RU2153842C1 - Mean arterial pressure monitor - Google Patents

Abstract

FIELD: medical equipment, in particular, devices monitoring the level of arterial pressure for a long period of time. SUBSTANCE: mean arterial pressure monitor has a case accommodating a biosignal generating unit connected to a recording and analysis unit based on an analog-to-digital converter, microcomputer and a liquid crystal indicator. The memory unit is connected to the recording and analysis unit, and the biosignal generating unit is made in the form of electrocardial signal transducers connected to an electrocardial signal amplifier, and photodetectors with a device for attachment on a patient's finger or ear, connected to the generators of the first derivative of the pulse signal. EFFECT: enhanced accuracy of measurements of mean arterial pressure. 2 cl, 1 dwg

Description

 The invention relates to medical equipment, in particular, to devices that monitor the level of blood pressure for a long period.

 Known devices that record the level of blood pressure (BP) during the day without the help of a compression cuff, based on measuring the propagation time of the pulse wave (VRPV), which, in turn, has an inverse relationship with blood pressure. The obvious advantage of such devices is their work without mechanical impact on the subject, which makes it possible, at least an order of magnitude more often, to carry out measurement cycles, and, on the other hand, to continue measurements as long as you like. An example of such devices is the BP-100 and HBP-500 type blood pressure meters (Casio, Japan), made in the form of wrist and pocket watches and intended only for self-monitoring in the home.

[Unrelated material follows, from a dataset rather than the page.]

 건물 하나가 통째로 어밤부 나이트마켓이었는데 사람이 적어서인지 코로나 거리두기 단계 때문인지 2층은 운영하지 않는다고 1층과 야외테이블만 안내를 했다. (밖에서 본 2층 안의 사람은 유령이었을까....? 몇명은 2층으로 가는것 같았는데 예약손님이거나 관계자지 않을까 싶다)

 However, they are not in the true sense of blood pressure monitors, because they cannot continuously display the specified parameter and can be used as medical devices.

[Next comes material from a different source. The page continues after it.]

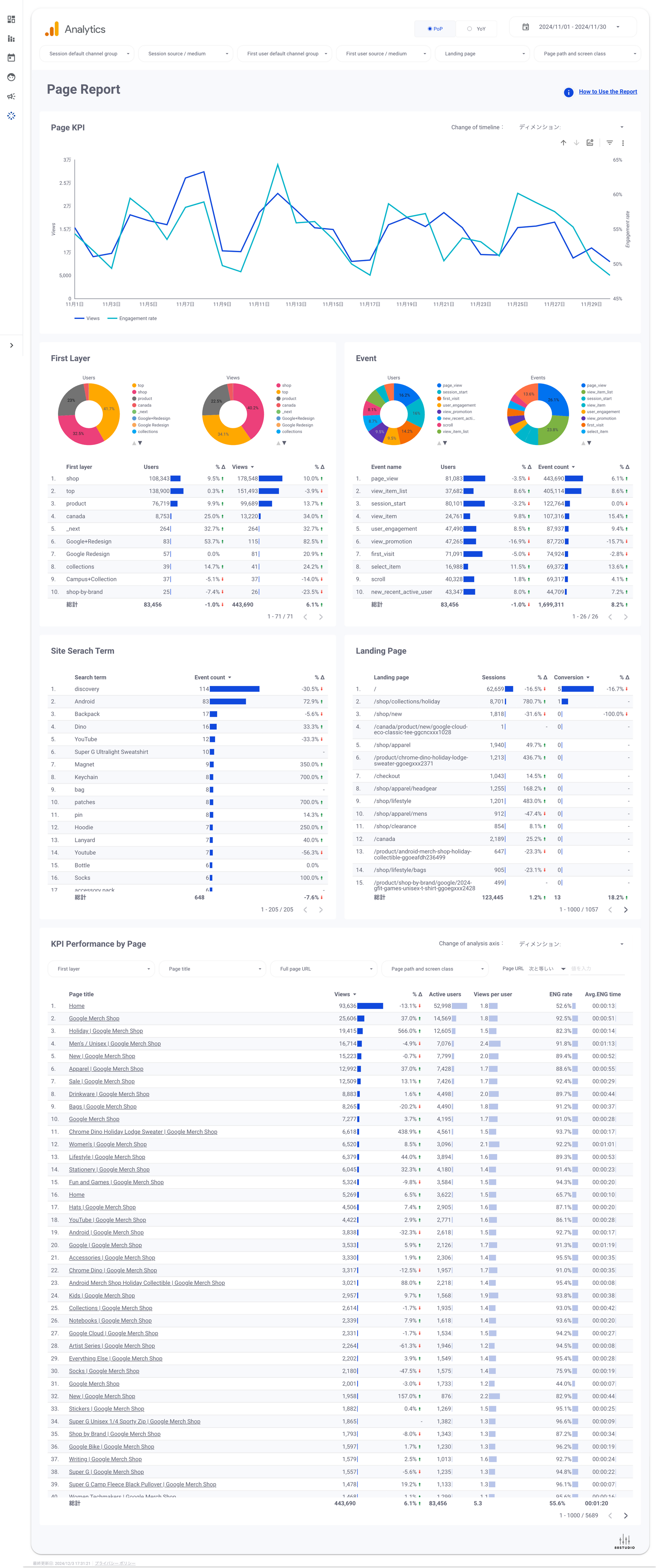 - Page Report(select period): Pop/YoY,Page KPI,Event,Search term,Landing Page.

 Closest to the claimed device is a NCCOM monitor (BoMed, USA), described in US patent N 4807638 (Cl. MKI A 61 B 5/02, publ. 02.28.1989).

The monitor includes two amplifiers of a rheographic signal, a processor, a device for displaying the current pressure level and an interface for accessing a personal computer. Using the first rheo-amplifier, the moment of occurrence of a pulse wave in the aortic root is determined, the stroke volume (blood ejected by the heart in one reduction) is determined by the same rheographic signal. 4 electrodes are placed on the chest and neck of the patient. With the help of a second rheographic amplifier, the moment of occurrence of a pulse wave on the leg of the subject is determined. The processor measures the VLF between the first electrode overlay and the second. Using the value of stroke volume calculated by the known formula Kubicek (1966), the distance between the electrodes, measured in advance, the processor from the empirical formula, the binding value of the stroke volume of the heart and the pressure increase in the aorta, calculates the mean arterial pressure (BP _avg).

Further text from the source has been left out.